ではいって来たどての切れた所へ来たのです。
「あ、馬出はる、馬出はる。押えろ 押えろ。」一郎はまっ青《さお》になって叫びました。じっさい馬はどての外へ出たのらしいのでした。どんどん走って、もうさっきの丸太の棒を越えそうになりました。
一郎はまるであわてて、
「どう、どう、どうどう。」と言いながら一生けん命走って行って、やっとそこへ着いてまるでころぶようにしながら手をひろげたときは、そのときはもう二匹は柵《さく》の外へ出ていたのです。
「早ぐ来て押えろ。早ぐ来て。」一郎は息も切れるように叫びながら丸太棒をもとのようにしました。
四人は走って行って急いで丸太をくぐって外へ出ますと、二匹の馬はもう走るでもなく、どての外に立って草を口で引っぱって抜くようにしています。
「そろそろど押えろよ。そろそろど。」と言いながら一郎は一ぴきのくつわについた札のところをしっかり押えました。嘉助と三郎がもう一匹を押えようとそばへ寄りますと、馬はまるでおどろいたようにどてへ沿って一目散に南のほうへ走ってしまいました。
「兄《あい》な、馬あ逃げる、馬あ逃げる。兄《あい》な、馬逃げる。」とうしろで一郎が一生けん命叫んでいます。三郎と嘉助は一生けん命馬を追いました。
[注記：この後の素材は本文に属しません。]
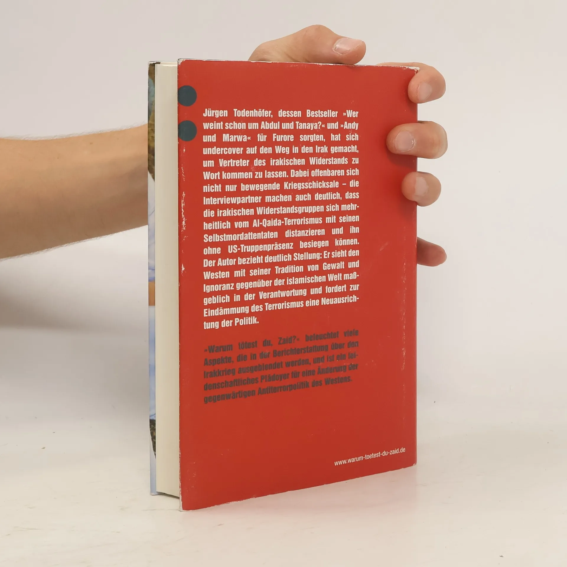 Authentisch und engagiert: Jürgen Todenhöfer hat unter gefährlichsten Bedingungen vor Ort recherchiert In der Geschichte des jungen Widerstandskämpfers Zaid spiegelt sich die Geschichte eines Volkes wider, das für seine Freiheit und Würde kämpft. Jürgen Todenhöfer begegnet Menschen, die gegen die Besatzungstruppen und den Terror von Al-Qaida kämpfen. Er trifft den 22-jährigen Zaid, der in diesem Krieg fast alles verloren hat, und der sich wie die Mehrheit der irakischen Bevölkerung dem Widerstand angeschlossen hat, und erzählt seine erschütternde Geschichte. Das Buch tritt an gegen die milliardenschwere Propaganda-Maschinerie der US-Administration, die ein verzerrtes Bild der Lage im Irak zeichnet. Jürgen Todenhöfer will der Wahrheit eine Chance geben – und der Gerechtigkeit für ein gequältes Volk.

ところが馬はもう今度こそほんとうに逃げるつもりらしかったのです。まるで丈《たけ》ぐらいある草をわけて高みになったり低くなったり、どこまでも走りました。
嘉助はもう足がしびれてしまって、どこをどう走っているのかわからなくなりました。
それからまわりがまっ蒼《さお》になって、ぐるぐる回り、とうとう深い草の中に倒れてしまいました。馬の赤いたてがみと、あとを追って行く三郎の白いシャッポが終わりにちらっと見えました。
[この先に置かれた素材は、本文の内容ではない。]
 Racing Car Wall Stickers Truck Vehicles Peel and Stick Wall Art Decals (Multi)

嘉助は、仰向けになって空を見ました。空がまっ白に光って、ぐるぐる回り、そのこちらを薄いねずみ色の雲が、速く速く走っています。そしてカンカン鳴っています。
嘉助はやっと起き上がって、せかせか息しながら馬の行ったほうに歩き出しました。草の中には、今馬と三郎が通った跡らしく、かすかな道のようなものがありました。嘉助は笑いました。そして、(ふん、なあに馬どこかでこわくなってのっこり立ってるさ、)と思いました。
そこで嘉助は、一生懸命それをつけて行きました。